Next Issue Media is developing a sort of Netflix for tablet magazines, and hopes to launch its platform on Apple iPad this summer. The app would allow users to view all the magazines they'd like, for a flat rate of $10 or $15 a month. So far, the Next Issue platform has only worked on Android Honeycomb devices, and the company plans to submit versions to Apple soon, though there's no word on possible versions for Amazon's Kindle Fire or Barnes & Noble's Nook, which both run modified versions of the Google OS.

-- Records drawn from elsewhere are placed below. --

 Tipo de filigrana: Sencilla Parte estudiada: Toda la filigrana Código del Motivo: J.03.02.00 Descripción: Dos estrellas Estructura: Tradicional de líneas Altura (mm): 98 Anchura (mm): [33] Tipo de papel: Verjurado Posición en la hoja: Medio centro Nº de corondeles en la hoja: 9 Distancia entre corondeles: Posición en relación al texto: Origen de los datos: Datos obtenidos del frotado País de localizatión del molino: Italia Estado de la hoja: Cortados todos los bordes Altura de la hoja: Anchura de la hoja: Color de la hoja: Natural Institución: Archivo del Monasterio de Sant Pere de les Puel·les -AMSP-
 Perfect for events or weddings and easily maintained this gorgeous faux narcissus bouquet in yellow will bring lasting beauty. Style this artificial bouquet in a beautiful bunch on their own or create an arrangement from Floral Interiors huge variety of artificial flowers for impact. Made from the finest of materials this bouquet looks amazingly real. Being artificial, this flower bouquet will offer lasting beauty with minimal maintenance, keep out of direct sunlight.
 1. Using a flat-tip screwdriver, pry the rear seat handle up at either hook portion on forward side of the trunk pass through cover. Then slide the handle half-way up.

Digital magazine subscriptions make up just one percent of industry circulation, and publishers are working to change this. The NIM business model will stay the same - curated content sponsored mainly by ads - but customers aren't locked in to subscribing to certain magazines, and can swap out titles at will. Another problem besides Next Issue's lack of operating system compatibility is lack of content itself. The platform presently only offers 32 titles, in its joint venture with Hearst, Meredith, Time Inc. and Conde Nast. News Corp has also bought into into Next Issue, but has yet to contribute any content. NIM says it will add more titles later this year, and presently offers well-known magazines like Sports Illustrated, Fortune, the New Yorker, Vanity Fair, Esquire, Elle, Better Homes and Gardens, etc. Also, no print issues are included with an NIM digital subscription. Some publishers have been adding digital content to their print editions for free - not the case with NIM.

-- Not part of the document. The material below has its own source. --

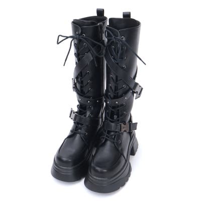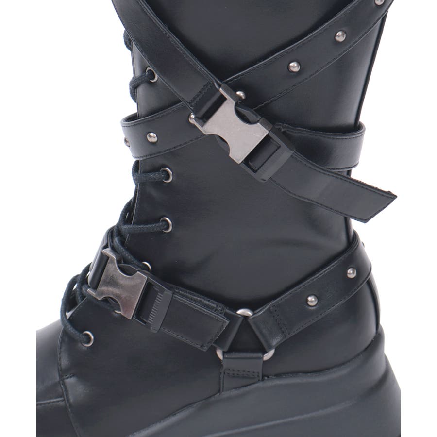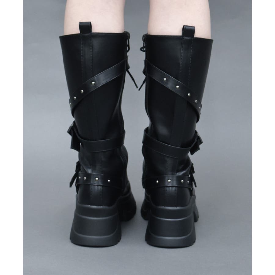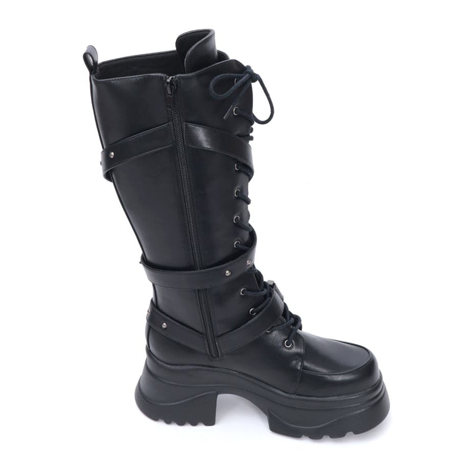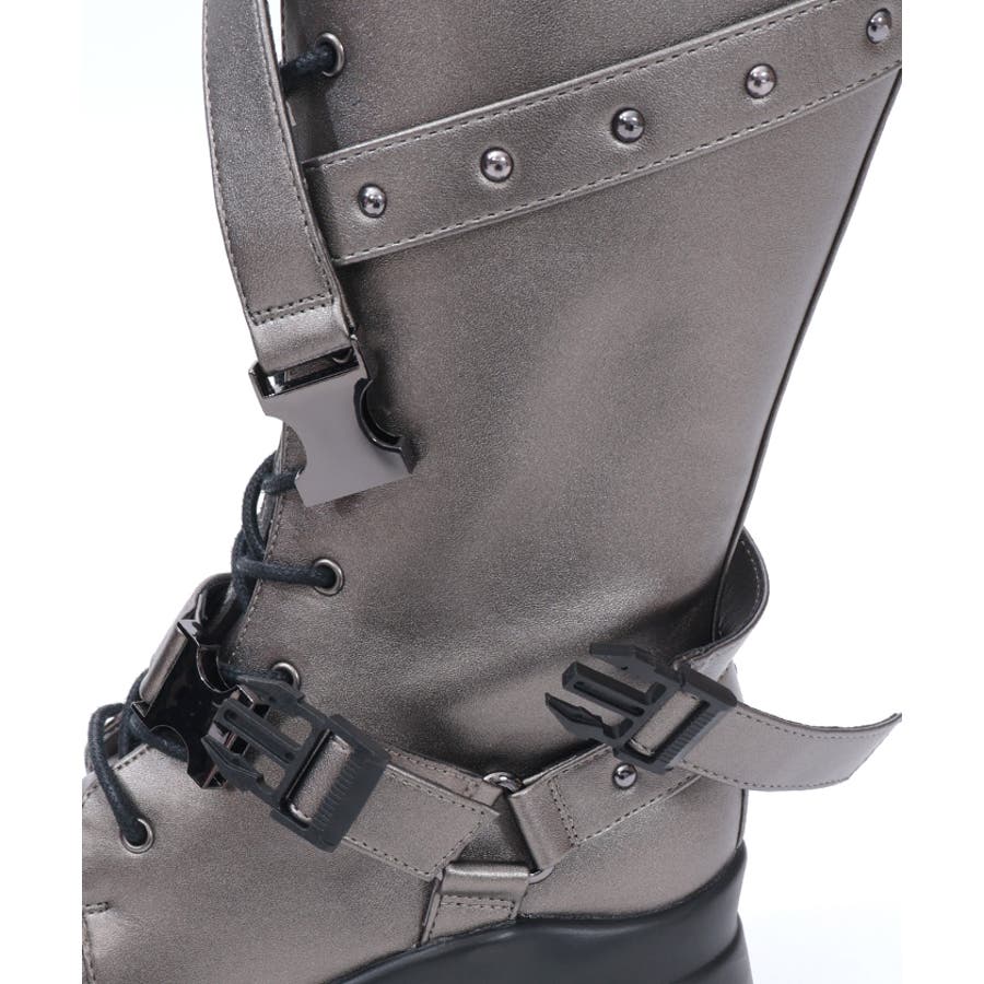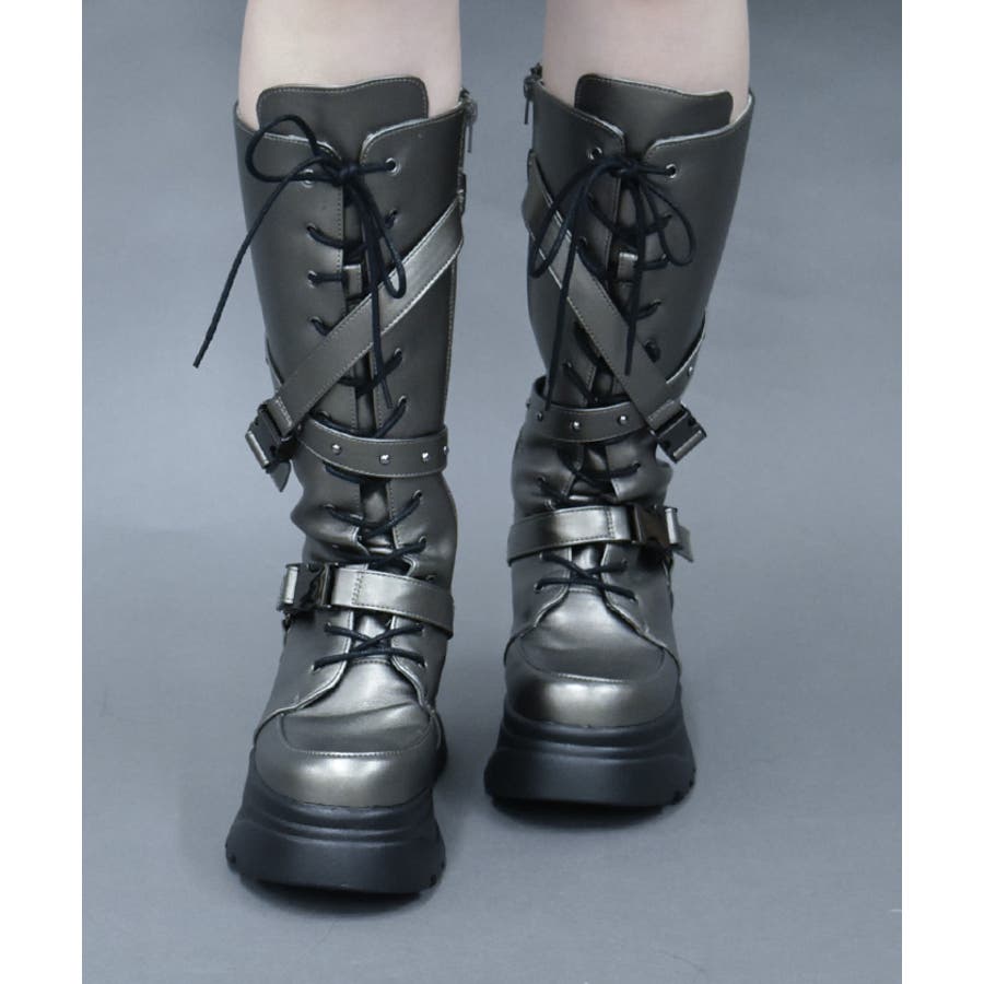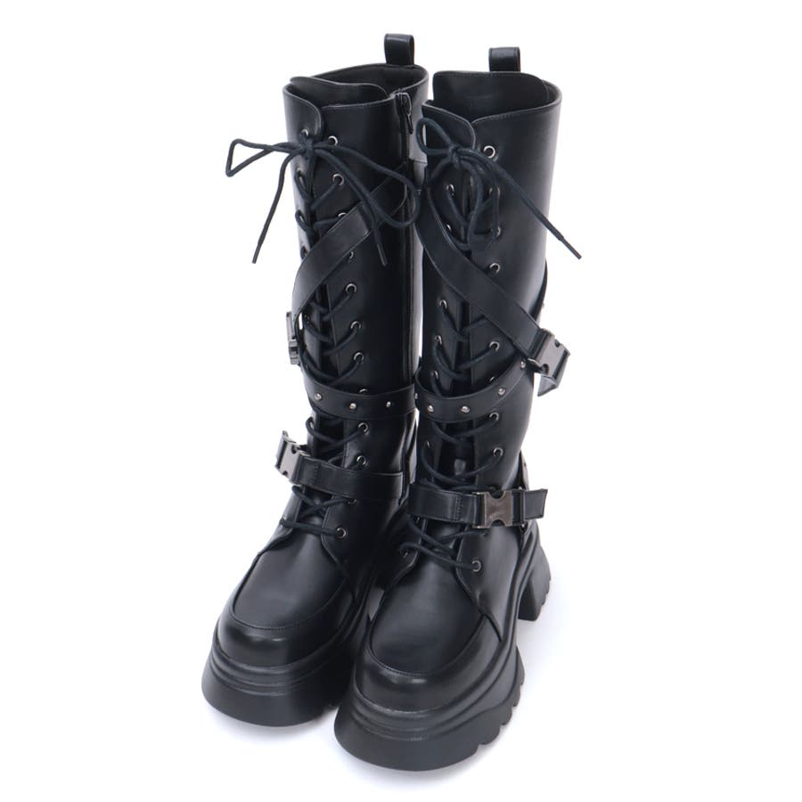 ガチャベルトをポイントであしらったレースアップロングブーツです。

Since the iPad hit the market, publishers have been trying to figure out how to bolster e-magazine subscription sales, and have mostly come up with .pdf copies of what they publish in print, with a couple of digital bells and whistles thrown in. There hasn't been too many compelling reasons for readers to make the switch to all digital. NIM hopes that by changing the basic mode of subscription, there will be a rise in all-digital sales. John Loughlin, who oversees Heart's digital sales, states, “No one has done this before, and there are lots of practical reasons for that.”
Still, publishers need to sort out the logistics of e-subscriptions, including how they'll get paid, actual subscription costs, issues of circulation and advertising, etc. “Anybody that tells you that they have the answer, or that their model is the model that would be successful 5 years from now - they’d be suspect,” says Loughlin, adding “We’re very much in a learning mode.”